• **What you should do**
All of the entries should be restated word for word, but without their pictures.

• **Source data**

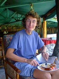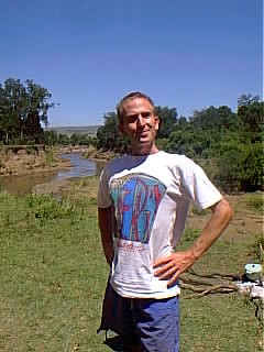 On Wednesday 29th we were up early to go leopard spotting but after hours of driving around found nothing. We did get to see a lot of Eland though which was quite a Brucie bonus. After a hard mornings safari we decided to go to the Mara River Lodge for breakfast. Oh what a treat. On wicker chairs overlooking the river we tucked into fruit, fruit juice, cereal, bacon & eggs etc. The lodge even had a flush toilet. We played games, read the newspaper and generally lived it up for a few hours before setting off again on another leopard hunt. James was with us again and we doubted his ability as a guide. However, he did do a good job at extracting money out of us for camping fees. That night we camped next to the river in an area near to where the leopards supposedly hang out. As night fell, zebra and giraffe passed us as they walked to the river to drink.
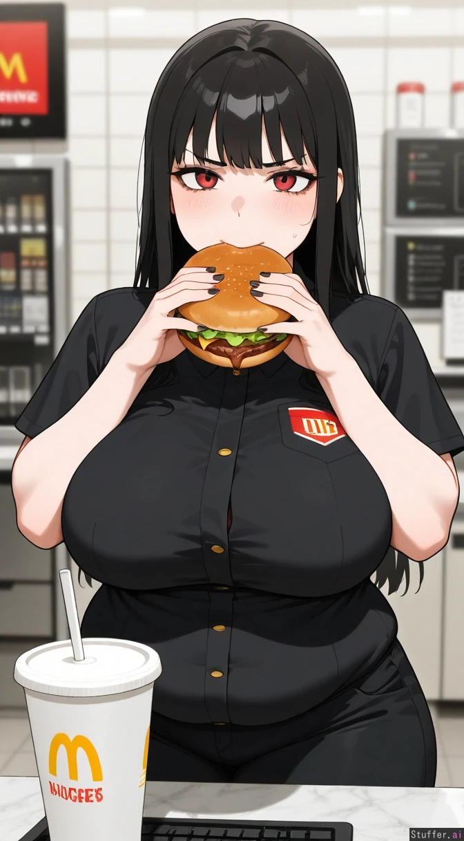 1girl, masterpiece, medium_breasts, (undersized black McDonalds fast_food_uniform, uniform getting tighter as she gains weight), (her breasts are growing and her body is getting pudgy from gaining weight), employee, bangs, black_hair, red eyes, solo, mascara, eyelashes, goth, annoyed. (she's ashamed that she's fattening up working at McDonalds). (she is addicted to burgers. She is eating a burger.) Fat, chubby_female, fat_arms, fat_fingers, chubby curvy, fat, fatter button_gap
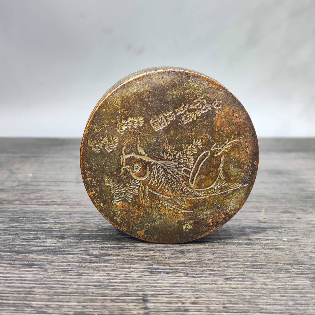 清 古銅彫 魚紋 墨盒 文房具 書道品 置物 極細工 古賞物 古美味 東洋彫刻 時代物 骨董 中国古美術
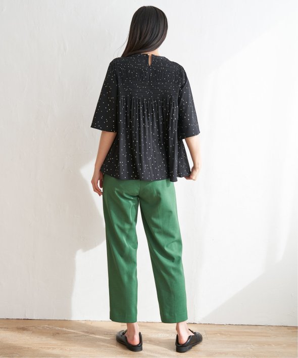 ウエストワンタックのテーパードパンツ。
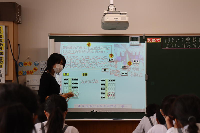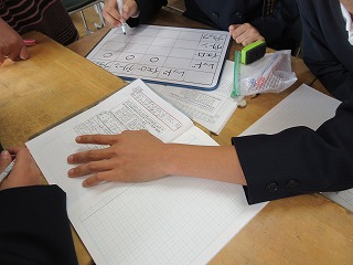 等しい分数の作り方を、一人一人が熱心に考え、グループでよりよい方法を話し合った1時間でした。
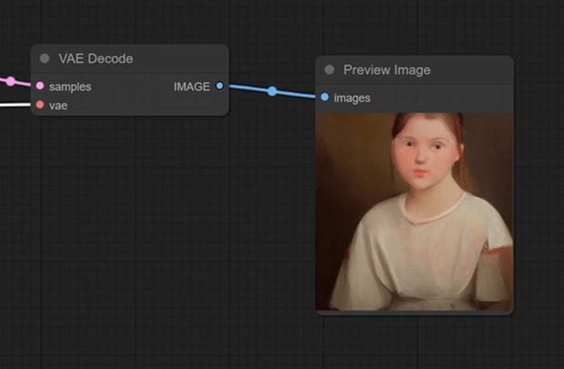- Unet阶段:ksampler节点,负责在潜空间生成图片。
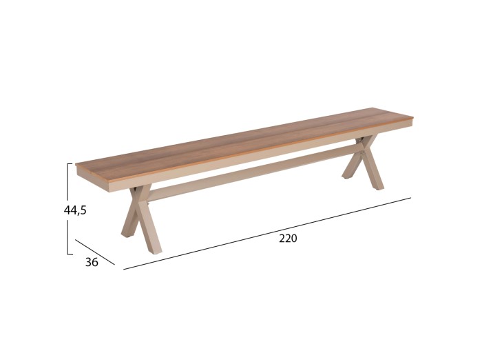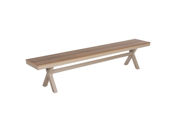 Το παγκάκι εξωτερικού χώρου TAWNEE έχει σκελετό αλουμινίου σε ΣΑΜΠΑΝΙ χρώμα, με δύο χιαστί βάσεις ενωμένες με μια οριζόντια φαρδιά ράβδο. Η επιφάνεια του καθίσματος είναι κατασκευασμένη από δύο πλάκες polywood σε χρώμα ΦΥΣΙΚΟΥ ΞΥΛΟΥ. Οι πλούσιες διαστάσεις του που άνετα βολεύονται 4 άτομα, το καθιστούν όμορφη και πρακτική προσθήκη για πληθώρα χρήσεων τόσο στο σπίτι, όσο και σε επαγγελματικούς χώρους.
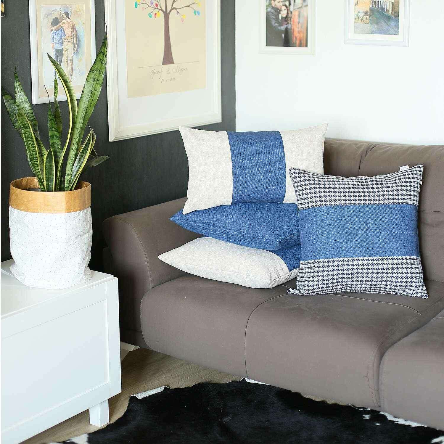 White and Blue Midsection Lumbar Throw Pillow
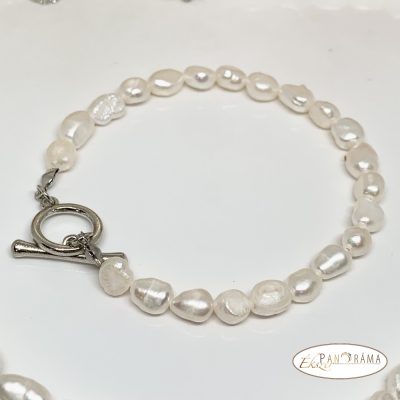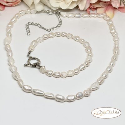 Elegáns, fehér színű folyami gyöngyökből álló, nyakék, és karkötő szettben
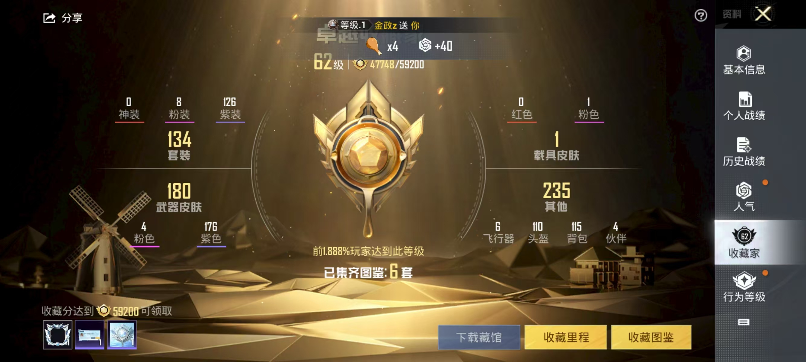 [11720362]实名: 可修改 时装数: 494 载具数: 1 枪械数: 190 战备数: 153 热门装扮: 飓风飞鹰,紫电风暴,紫钛骑兵,蜜语绒猫,美琪,创世·救赎,未来领航者 载具: 幽焰风驰摩托车 稀有枪皮: UMP45-宇宙意志,AKM-幽焰骑士,Kar98K-巳巳如意,DP-28-豹影疾电
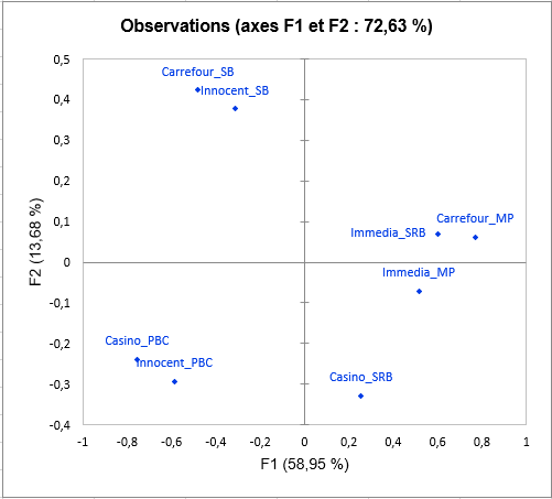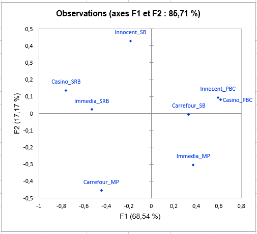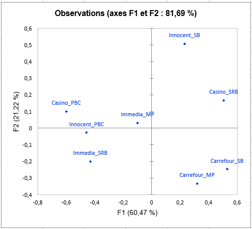 Viens ensuite l’analyse de chacune des classes construites. La représentation des objets (smoothies ici) dans chaque classe montre des différences de perception entre les classes de sujets, notamment concernant le smoothie Carrefour_SB. En effet, ce dernier est placé avec le smoothie Innocent_SB par les sujets dans la classe 1, avec Innocent_PBC et Casino_PBC par les sujets dans la classe 2, et avec Carrefour_MP par ceux de la classe 3.
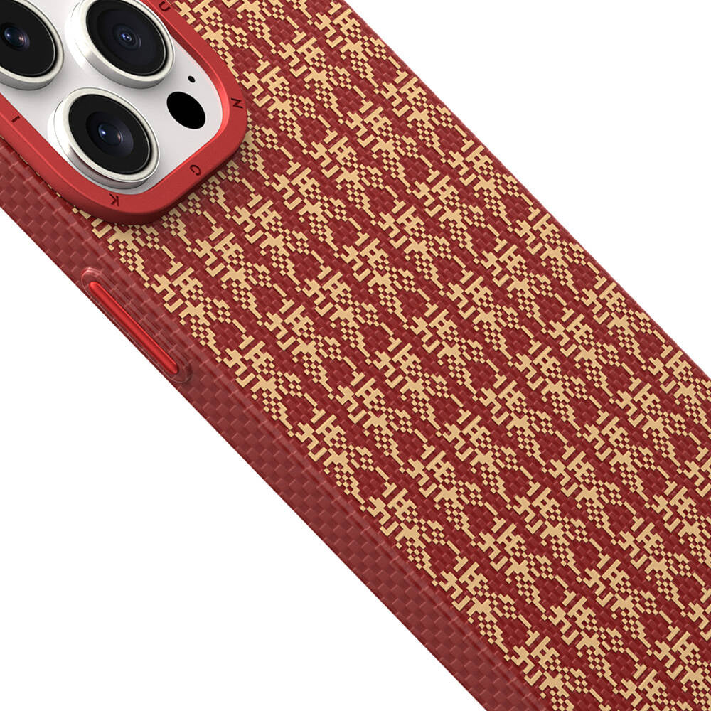 Apple iPhone 14 Pro Max Kılıf M-safe Şarj Özellikli Kevlar 1500D Youngkit Auspicious Loong Serisi Kapak Kırmızı
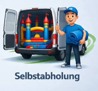 Selbstabholung ist nach Absprache möglich und wird mit 20% Rabatt (nur Hüpfburgen) belohnt. Selbstverständlich erhalten Sie bei Bedarf eine kurze Einweisung.
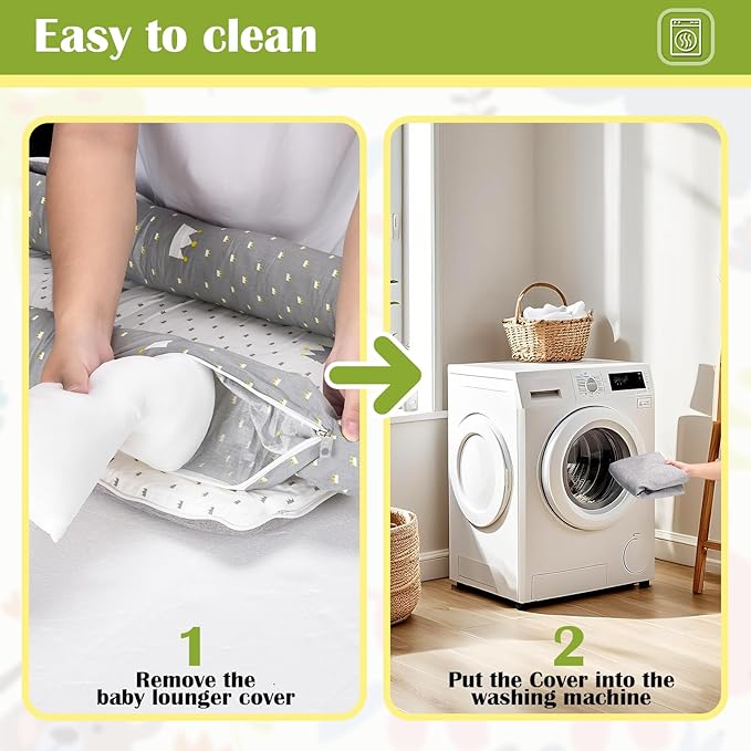 • ZIPPER DESIGN:Baby lounger nest zipper design,remove the jacket for easy cleaning.Keep it clean at all times and grow up healthy and happy along with your baby!

• **Exercise response**
 On Wednesday 29th we were up early to go leopard spotting but after hours of driving around found nothing. We did get to see a lot of Eland though which was quite a Brucie bonus. After a hard mornings safari we decided to go to the Mara River Lodge for breakfast. Oh what a treat. On wicker chairs overlooking the river we tucked into fruit, fruit juice, cereal, bacon & eggs etc. The lodge even had a flush toilet. We played games, read the newspaper and generally lived it up for a few hours before setting off again on another leopard hunt. James was with us again and we doubted his ability as a guide. However, he did do a good job at extracting money out of us for camping fees. That night we camped next to the river in an area near to where the leopards supposedly hang out. As night fell, zebra and giraffe passed us as they walked to the river to drink.
 1girl, masterpiece, medium_breasts, (undersized black McDonalds fast_food_uniform, uniform getting tighter as she gains weight), (her breasts are growing and her body is getting pudgy from gaining weight), employee, bangs, black_hair, red eyes, solo, mascara, eyelashes, goth, annoyed. (she's ashamed that she's fattening up working at McDonalds). (she is addicted to burgers. She is eating a burger.) Fat, chubby_female, fat_arms, fat_fingers, chubby curvy, fat, fatter button_gap
 清 古銅彫 魚紋 墨盒 文房具 書道品 置物 極細工 古賞物 古美味 東洋彫刻 時代物 骨董 中国古美術
 ウエストワンタックのテーパードパンツ。
 等しい分数の作り方を、一人一人が熱心に考え、グループでよりよい方法を話し合った1時間でした。
- Unet阶段:ksampler节点,负责在潜空间生成图片。
 Το παγκάκι εξωτερικού χώρου TAWNEE έχει σκελετό αλουμινίου σε ΣΑΜΠΑΝΙ χρώμα, με δύο χιαστί βάσεις ενωμένες με μια οριζόντια φαρδιά ράβδο. Η επιφάνεια του καθίσματος είναι κατασκευασμένη από δύο πλάκες polywood σε χρώμα ΦΥΣΙΚΟΥ ΞΥΛΟΥ. Οι πλούσιες διαστάσεις του που άνετα βολεύονται 4 άτομα, το καθιστούν όμορφη και πρακτική προσθήκη για πληθώρα χρήσεων τόσο στο σπίτι, όσο και σε επαγγελματικούς χώρους.
 White and Blue Midsection Lumbar Throw Pillow
 Elegáns, fehér színű folyami gyöngyökből álló, nyakék, és karkötő szettben
 [11720362]实名: 可修改 时装数: 494 载具数: 1 枪械数: 190 战备数: 153 热门装扮: 飓风飞鹰,紫电风暴,紫钛骑兵,蜜语绒猫,美琪,创世·救赎,未来领航者 载具: 幽焰风驰摩托车 稀有枪皮: UMP45-宇宙意志,AKM-幽焰骑士,Kar98K-巳巳如意,DP-28-豹影疾电
 Viens ensuite l’analyse de chacune des classes construites. La représentation des objets (smoothies ici) dans chaque classe montre des différences de perception entre les classes de sujets, notamment concernant le smoothie Carrefour_SB. En effet, ce dernier est placé avec le smoothie Innocent_SB par les sujets dans la classe 1, avec Innocent_PBC et Casino_PBC par les sujets dans la classe 2, et avec Carrefour_MP par ceux de la classe 3.
 Apple iPhone 14 Pro Max Kılıf M-safe Şarj Özellikli Kevlar 1500D Youngkit Auspicious Loong Serisi Kapak Kırmızı
 Selbstabholung ist nach Absprache möglich und wird mit 20% Rabatt (nur Hüpfburgen) belohnt. Selbstverständlich erhalten Sie bei Bedarf eine kurze Einweisung.
 • ZIPPER DESIGN:Baby lounger nest zipper design,remove the jacket for easy cleaning.Keep it clean at all times and grow up healthy and happy along with your baby!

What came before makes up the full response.